When I asked the universe to give me someone to sleep with at night, in retrospect I should have been more specific. I spent three and a half years cohabitating with a ghost. Yes a ghost. Seriously, a ghost.
One of my smartest, most adult decisions (other than using Uber to avoid horrendous LA parking) was independently buying my first condo, the one I have lived in now for four years. Picking out granite for my new custom bathroom cabinet and selecting the stain for my hardwood floors were not things I ever thought I would derive such joy and pride from. I spent countless weekends at Home Depot, West Elm and Lamps Plus furnishing my own space to my liking, and I relished every moment of it.
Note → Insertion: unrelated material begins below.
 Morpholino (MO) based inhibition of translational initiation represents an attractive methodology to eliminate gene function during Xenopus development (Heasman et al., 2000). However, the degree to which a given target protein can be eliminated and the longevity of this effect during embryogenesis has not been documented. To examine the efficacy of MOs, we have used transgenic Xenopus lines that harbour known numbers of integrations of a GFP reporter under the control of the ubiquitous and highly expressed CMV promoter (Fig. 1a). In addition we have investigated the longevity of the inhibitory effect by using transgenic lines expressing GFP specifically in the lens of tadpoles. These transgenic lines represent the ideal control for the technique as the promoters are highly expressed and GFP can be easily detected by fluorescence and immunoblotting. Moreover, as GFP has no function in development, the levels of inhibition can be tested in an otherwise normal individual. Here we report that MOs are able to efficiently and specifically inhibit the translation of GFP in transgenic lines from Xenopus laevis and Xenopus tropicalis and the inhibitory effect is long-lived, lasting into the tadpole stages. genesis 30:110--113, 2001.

I loved everything about my condo… other than I never felt quite comfortable in my bedroom.
I did not understand what it was but my room just felt cold to me, especially compared to the rest of my condo. It is like the when you walk out of an air conditioned store in Florida back into the humid air, the contrast hits you hard.
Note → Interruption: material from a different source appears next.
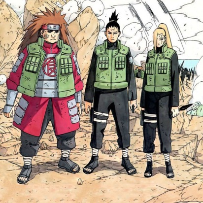 Das Team Asuma steht deren Sensei nun gegenüber. Sie sagen, sie seien bereit. Asuma meint zu den drein, dass sie grossartige Ninjas geworden sind. Shikamaru bedankt sich bei seinen Sensei und störmt los.

If you know me at all, you know sleeping is my thing. I love it. I definitely do not like it when something prevents me from the pure bliss of drifting off to my dreams (especially when I am before the sun to workout. Last thing I need is to be tired and lifting heavy weight over my head). I started thinking I was going a bit crazy at night. I would close my eyes and feel something in the room with me. It is not settling when you are alone but feel something pressing on your leg or pushing you into your mattress. (I have since learned this is called being psychically attacked). I would wake up almost every night in a total panic, sweating. I would swear on my life there was someone in my condo. I knew logically there could not be (my security alarm would have gone off, right?). I would tip toe out of my room ready to face the man, in his late thirties with dark hair who I was convinced would be coming around the corner from my kitchen. Not all ghosts come in the same form. This one was somehow in my psyche and I could see him there (and feel him in the physical).
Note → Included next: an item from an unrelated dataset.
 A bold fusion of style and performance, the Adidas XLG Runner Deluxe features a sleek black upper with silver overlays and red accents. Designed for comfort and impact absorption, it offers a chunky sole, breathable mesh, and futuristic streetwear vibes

It got to the point where I would fall asleep on my couch at night with the TV. blaring horrendous infomercials while every light imaginable was on. I would wake up anywhere between midnight and 4 am to begrudgingly force myself to finish out the remaining morning slumber in my bed. I was constantly tired and cranky.
Finally, I asked a spiritual healer about this. I told her I did not know quite how to explain it but there is this weird, negative, cold energy in my bedroom (I didn’t feel it anywhere else). She immediately said, “Oh you have a ghost. He isn’t bad but I wouldn’t say he’s good.” Ok great. So on the plus side, I wasn’t going crazy. On the negative, I had a freeloader. I have always believed in ghosts and spirits; yet I had not expected meeting one quite in this fashion.
A few weeks later, my healer did a house visit and successfully encouraged him to move on. From what she knew about him, he physically matched the description of who I could see in my own mind. He was sick before he passed, he never lived there but he had some attachment to my condo. It seemed he must have known someone who lived there long before I did. I tended to sense him in the corner of my room which in my gut told me someone used to religiously sit in a rocking chair in that same spot.
The moral of this story? Well I have reclaimed my room and sleep wonderfully now (without a night light). I also have without a doubt confirmed that I do believe in spirits and life after death. I believe in things that I cannot necessarily see before me with my own two eyes. I believe all of these to be just as powerful, if not more, than what I know to be in my reality. What do you believe?